Normalized Growth Ahead

Apple now produces $400 billion in annual revenues, making the ability of the tech giant to grow far more difficult. Prior research has highlighted how the AR/VR devices and the Apple Car products don’t provide material revenue growth opportunities over the next few years, leading to the call that the stock wouldn’t rise through FY26.

After management guided to FQ1’23 revenues decelerating from the growth rates of the prior quarter, investors now have to come to grips with growth normalization going forward. Apple only grew revenues 8% during the just ended FY22, and all indications are for a tough couple years of growth ahead.

In general, Apple has to grow iPhone and Mac sales beyond peak covid levels, or the growth story will struggle. Without these categories growing, and the tech giant just guided on the FQ4 earnings call to a big dip in Mac sales in the December quarter, Apple is stuck with meager growth potential ahead.

Over the past decade, Apple generally failed to grow Mac revenues. The use of internal M1/2 chips have possibly increased the overall market for Macs. The massive revenue growth in the last couple of years question the ability for the tech giant to extend annual revenues, considering revenue in the mid-$30 billion range would generally have been considered as positive.

Mac revenue table

Source: sixcolors

This meager revenue growth potential leads to the following EPS growth estimates for the next 3 years:

Earnings Estimates

Source: Seeking Alpha

Investors must note how EPS growth rates of 3%, 8% and 4% annually through FY25 still leaves Apple with a 20x forward PE at the end of the period. The only reason to pay a premium for a stock is due to growth rates warranting the higher valuation multiple, leading to higher returns over time. In this case, Apple is still expensive at the end of the cycle, offering limited to no positive returns for shareholders.

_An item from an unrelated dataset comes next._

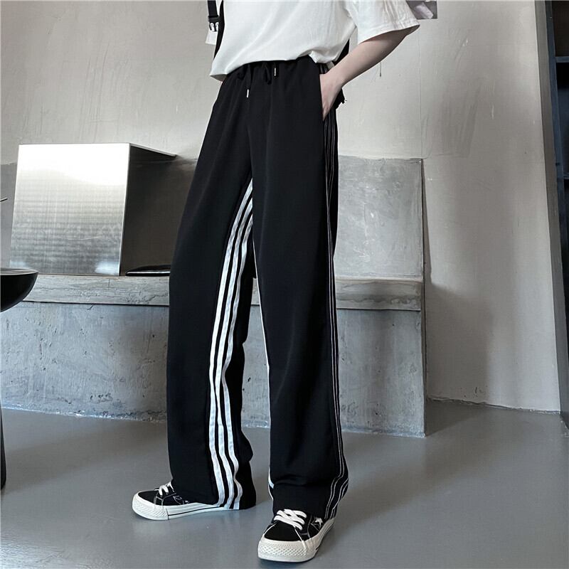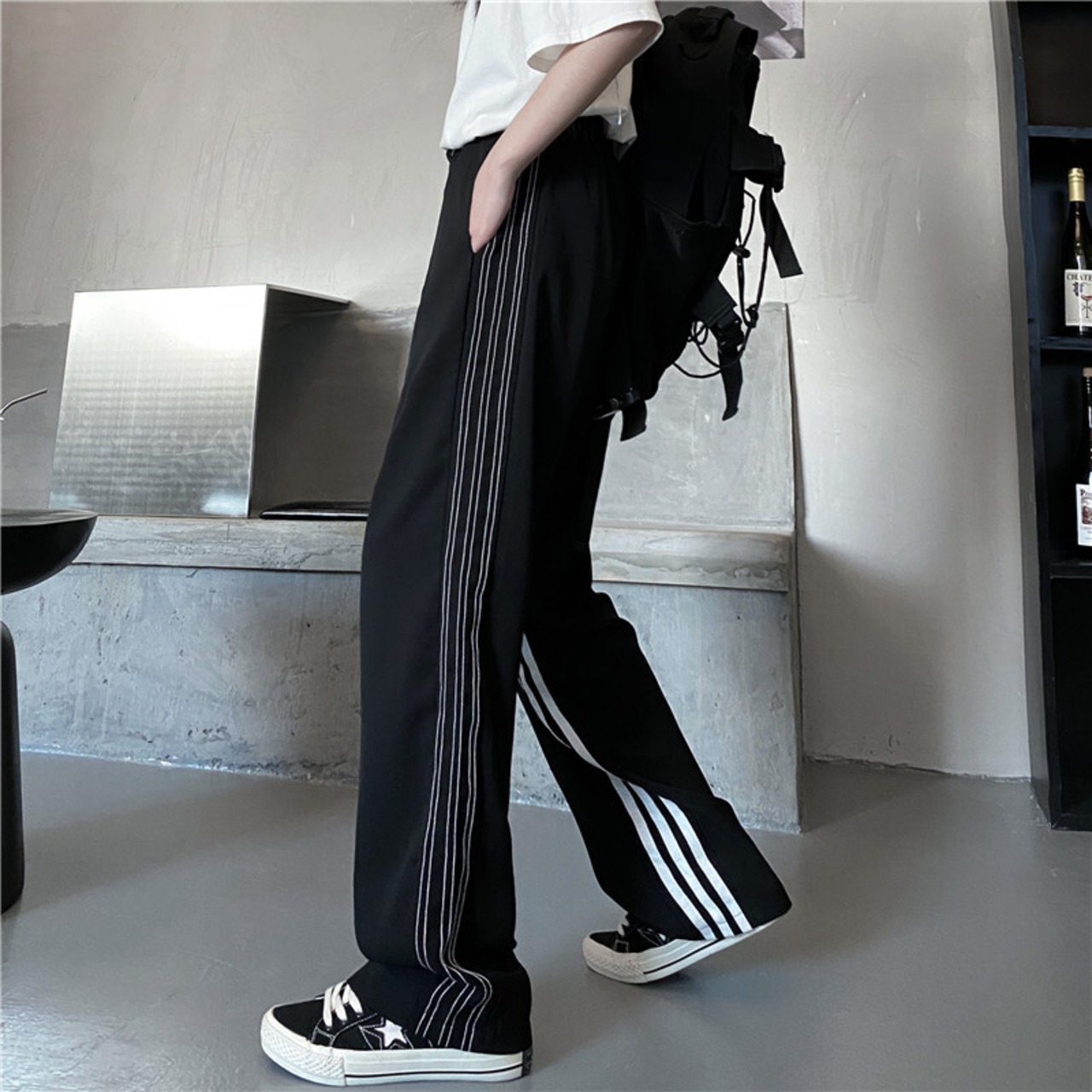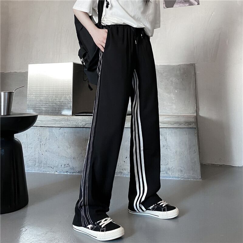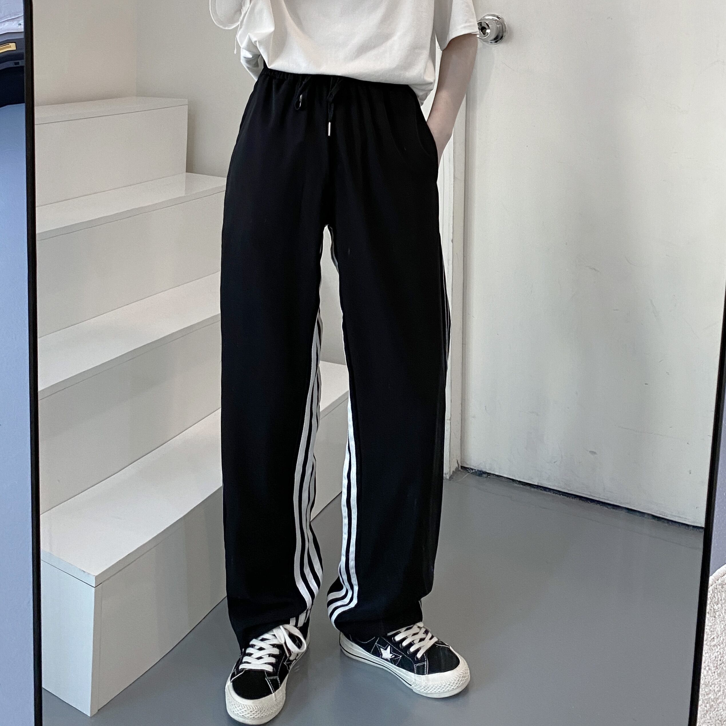 カジュアルパンツ レディース秋物韓国ファッションNEWスタンダードストライプブラックルーズハイウェストウェスト薄手ワイドレッグ レトロ オータム ワイドパンツ スタイル ウエスト Studios74254122817 | pLegLad Studios

Even Sensor Tower has the App Store sales turning negative in October in a sign Apple might struggle to generate any growth in the Services sector. The tech giant hiked prices on several services a few weeks back on the principal of covering higher licensing fees, but Apple might want to reinvigorate revenue growth in the sector by hiking prices by $1 to $2 per service. The price hike actually amounts to a 40% hike for a service like Apple TV+.

Takeaway

The key investor takeaway is that Apple continues to trend downwards, while most bulls are still in denial. The stock is headed for a multi-year period of underperformance against the market, with Apple entering a period of subpar growth similar to the pre-Covid lull.

Note, a multiple of 15x FY25 EPS estimates of $7.06 predicts a stock price of $106. This base case target isn’t very appealing for a stock still trading at $138 and just now entering a downtrend.